[Recorded data]
>>>

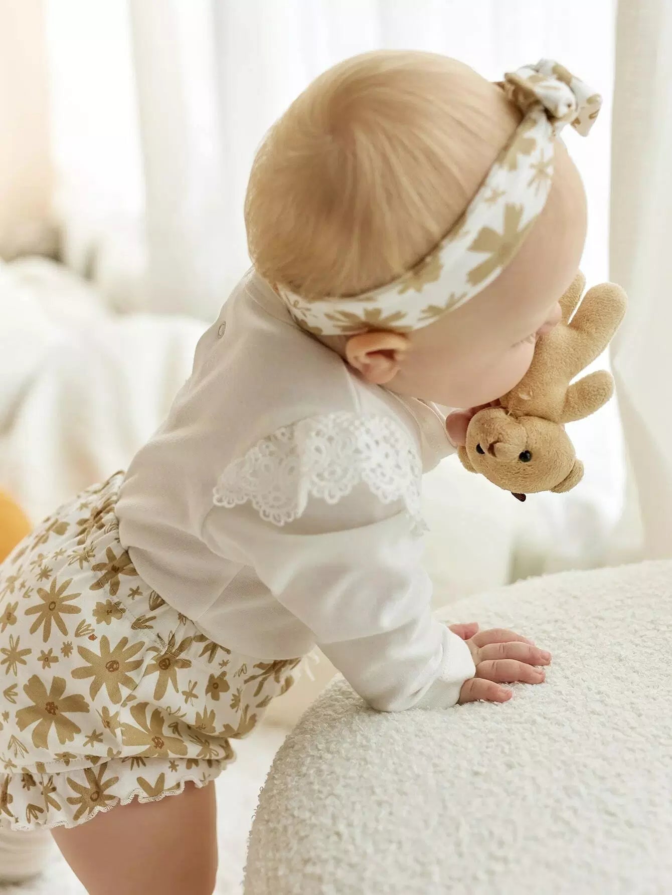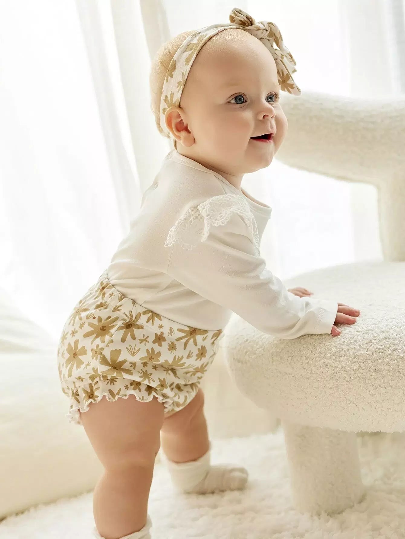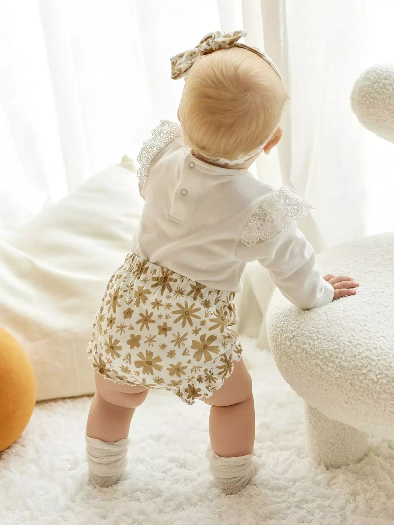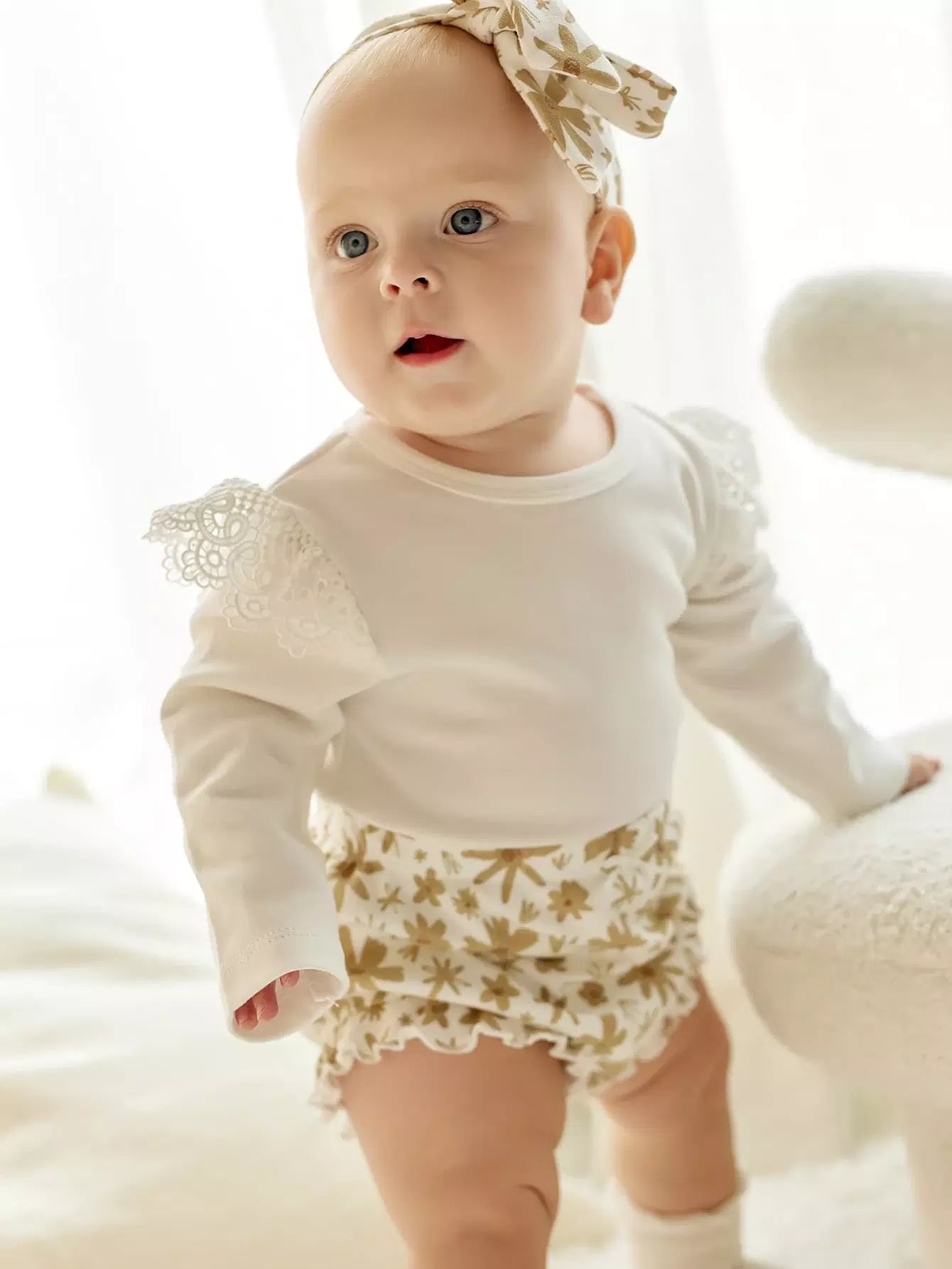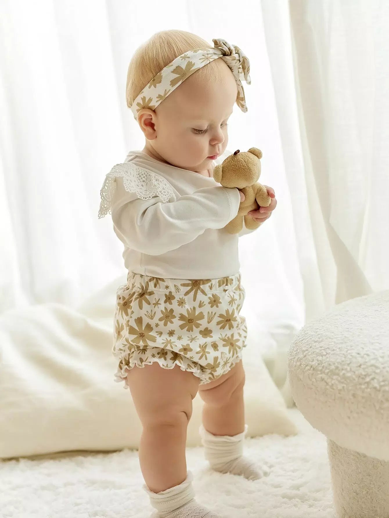 Baby Guipure Lace Insert Bodysuit & Floral Shorts & Headband
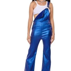 Forever far out. The AKIRA Label Stay Wavy Metallic Overalls feature a shimmer, stretchy, denim-inspired fabrication, a classic pinafore design, adjustable buckled bib straps, a large bib pocket, functional belt loops, button sides, slant side pockets, and back pockets, Complete with a wide leg fit.
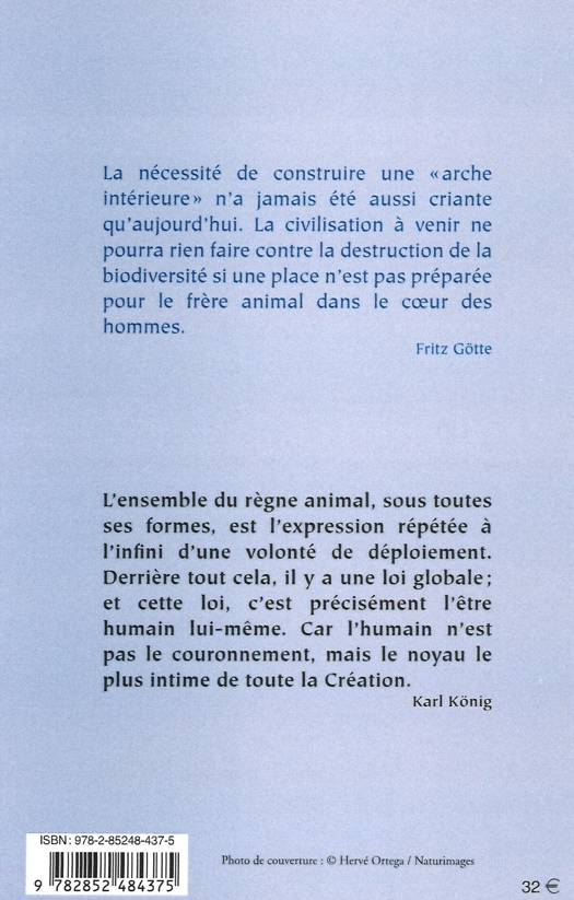 Le merveilleux livre de Karl König reparaît enfin en français ! Lors de sa première édition dans les années 1960, il fut, avec Printemps silencieux de Rachel Carson, un des ouvrages qui lança le mouvement écologique moderne. Cette nouvelle version a été revue et complétée par des notes de Wolfgang Schad. La pensée et la sensibilité de Karl König, fondées sur la fraternité, s’appliquaient aux humains comme aux animaux. Ses considérations sur les animaux permettent une approche imaginative de cet univers fascinant et une compréhension approfondie du processus de l’Évolution. En fin de compte, König montre le lien indissociable entre l’homme et l’animal ainsi que la nécessité de prendre en compte le destin actuel des animaux et de préserver leur dignité. La nécessité de construire une « arche intérieure » n’a jamais été aussi criante qu’aujourd’hui. La civilisation à venir ne pourra rien faire contre la destruction de la biodiversité si une place n’est pas préparée pour le frère animal dans le coeur des hommes. (Fritz Götte) L’ensemble du règne animal, sous toutes ses formes, est l’expression répétée à l’infini d’une volonté de déploiement. Derrière tout cela, il y a une loi globale ; et cette loi, c’est précisément l’être humain lui-même. Car l’humain n’est pas le couronnement, mais le noyau le plus intime de toute la Création. (Karl König)
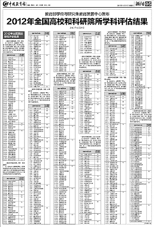 2012年全国高校和科研院所学科评估结果 2012年全国高校和科研院所学科评估结果 www.hnedu.cn 发表时间: 时间标签 来源:中国教育报 【字体:大 中 小】 点击: 点击数 1月29日,教育部学位与研究生教育发展中心发布了2012年学科评估结果。评估对象是具有研究生培养学位授予资格的一级学科,以高等学校为主,兼顾科研院所,共有391个单位的4235个学科参加评估。本报今天五版到十二版全文刊登此次评估结果,敬请广大读者关注。 责任编辑:蒋乐红 【打印正文】
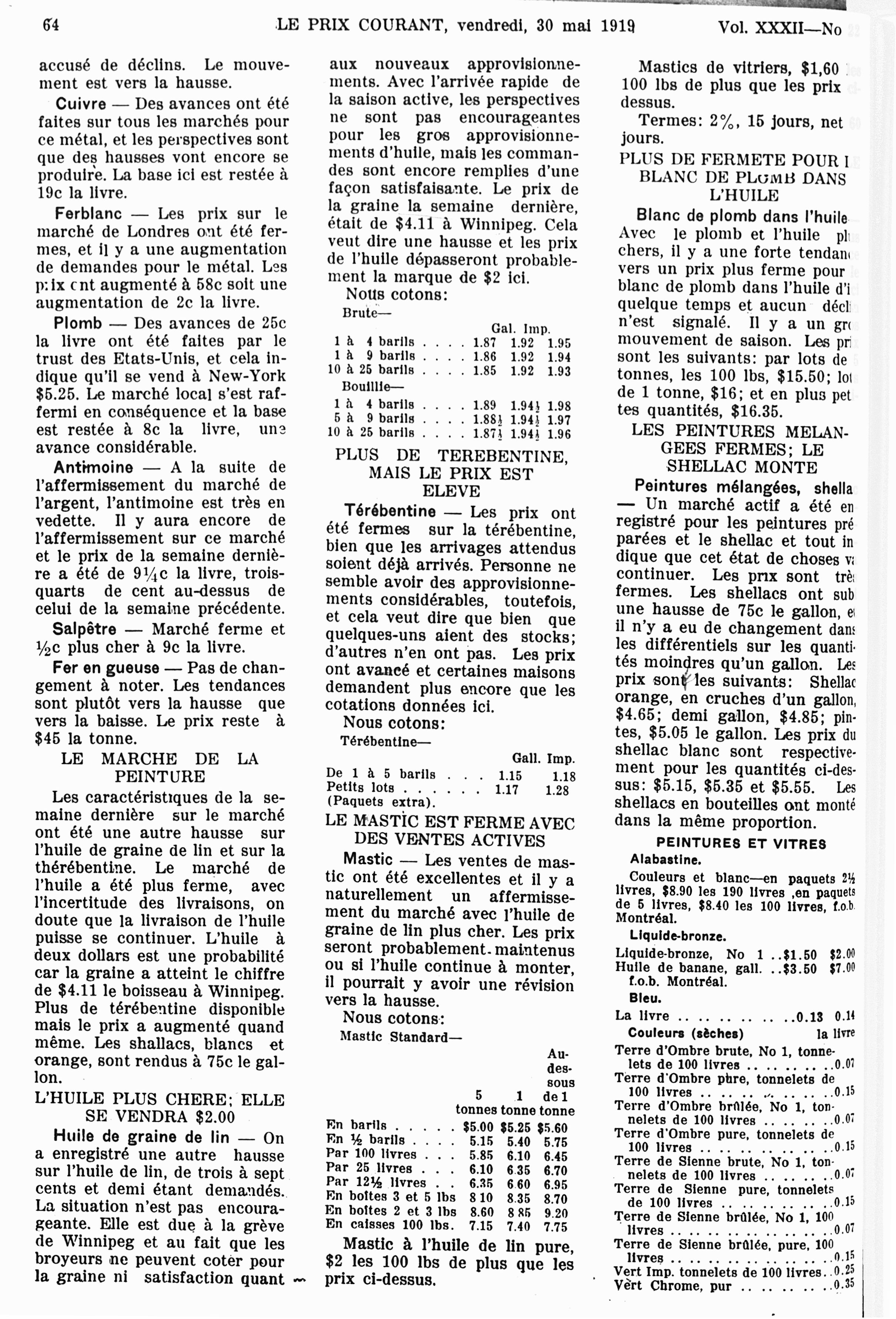 Le prix courant : Vol. 32, no 22 (30 mai 1919)
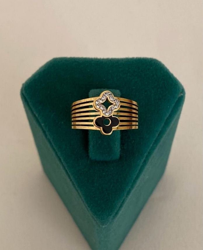 Şıklığın ve anlamın birleştiği bu özel tasarım yüzük, çift yonca motifiyle şansı ve zarafeti aynı anda taşıyor. Siyah taş zemin üzerine yerleştirilmiş çift yonca detayı, gold kaplama ile bütünleşerek etkileyici bir görünüm sunar. Ayarlanabilir yapısıyla her parmağa kolayca uyum sağlar.
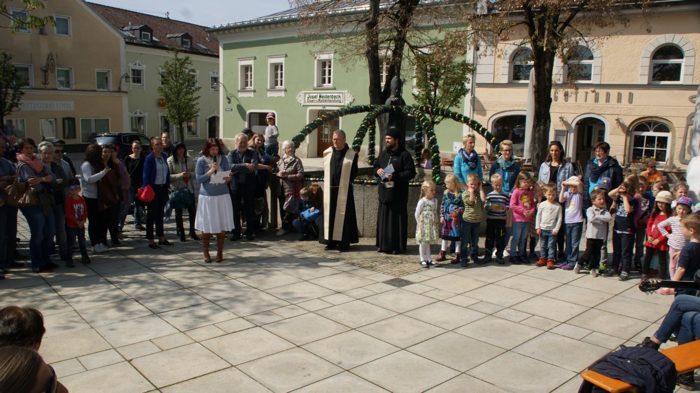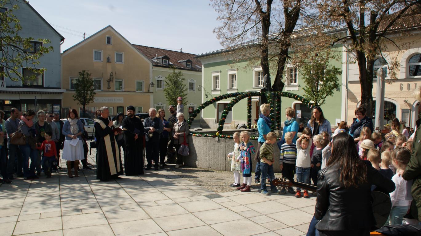 Strahlender Sonnenschein und hunderte Gäste verfolgten den Festakt am Marktplatz,der von den Kindergartenkindern mit Osterliedern umrahmt und mit der Preisverteilung
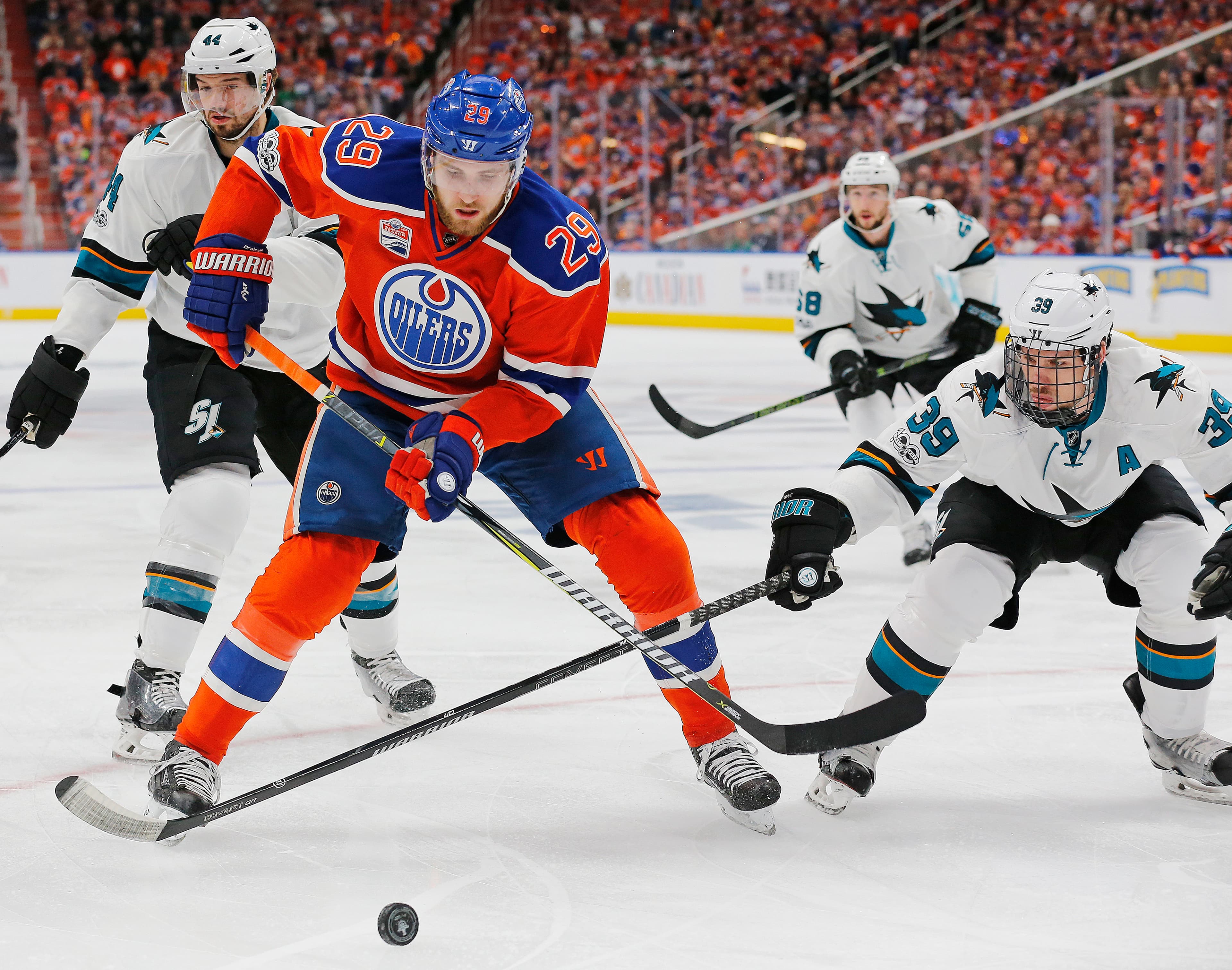 Apr 14, 2017; Edmonton, Alberta, CAN; Edmonton Oilers forward Leon Draisaitl (29) and San Jose Sharks forward Logan Couture (39) chase a loss puck during the first period in game two of the first round of the 2017 Stanley Cup Playoffs at Rogers Place. Mandatory Credit: Perry Nelson-USA TODAY Sports
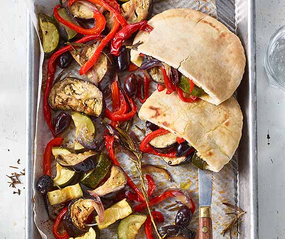 | Ofen-Antipasti im Pitabrot | Mittag, Vegan, leicht | Peperoni,Zuchetti,Aubergine,Zwiebel (rot),schwarze Oliven,Rosmarin,Öl (Salat),Salz,Pfeffer,Pita-Brote | 102 |
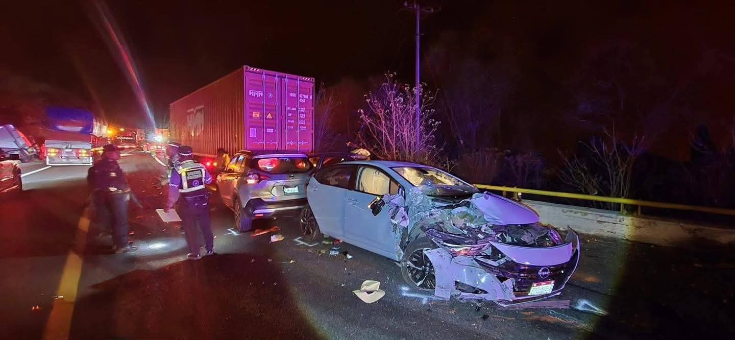 El incidente involucró a varios vehículos, entre ellos un automóvil Nissan Versa y unidades de carga pesada que se encontraban detenidas sobre la vía. Según testimonios recabados en el lugar, uno de los tractocamiones impactó al vehículo compacto, lo que generó una serie de colisiones entre las unidades que se encontraban en la zona.
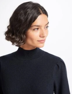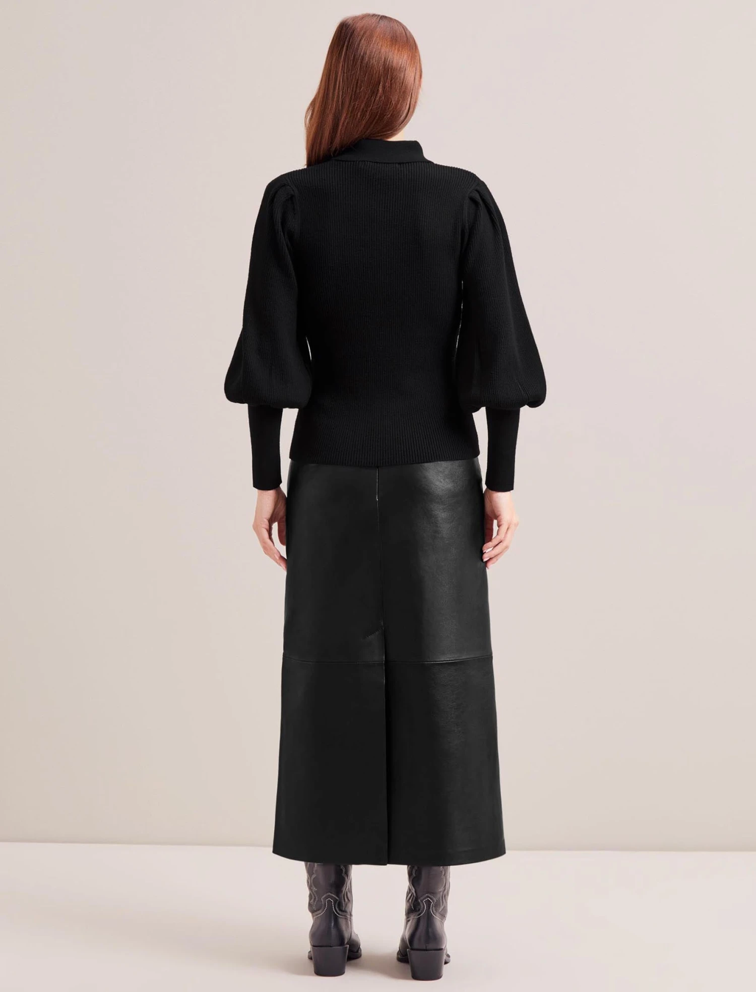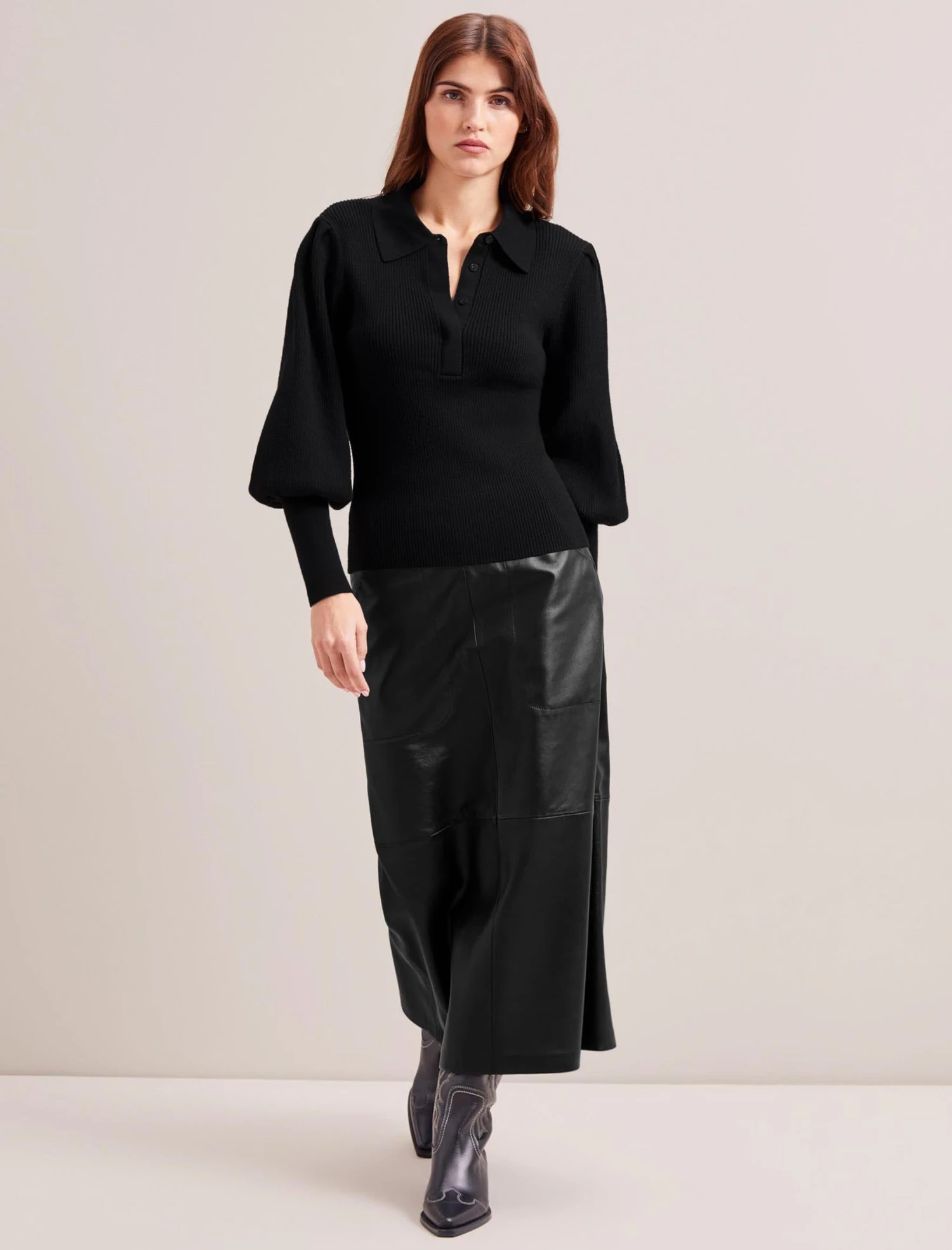 We’ve reworked our hero Eva top for FW23 with a polo-style neckline for effortless versatility. It’s designed in a soft merino-wool rib with added stretch to create a slimming silhouette, while the fitted cuff blouson sleeves add shape and volume. The perfect knit for when you want to feel pulled together, wear it with our leather Tiana skirt or any of our tailored trousers.

<<<

Beginning with the first entry above, reproduce every line verbatim until the line with "Forever far out.", which is included too; omit pictures.

▶ [Result of the exercise]
 Baby Guipure Lace Insert Bodysuit & Floral Shorts & Headband
 Forever far out. The AKIRA Label Stay Wavy Metallic Overalls feature a shimmer, stretchy, denim-inspired fabrication, a classic pinafore design, adjustable buckled bib straps, a large bib pocket, functional belt loops, button sides, slant side pockets, and back pockets, Complete with a wide leg fit.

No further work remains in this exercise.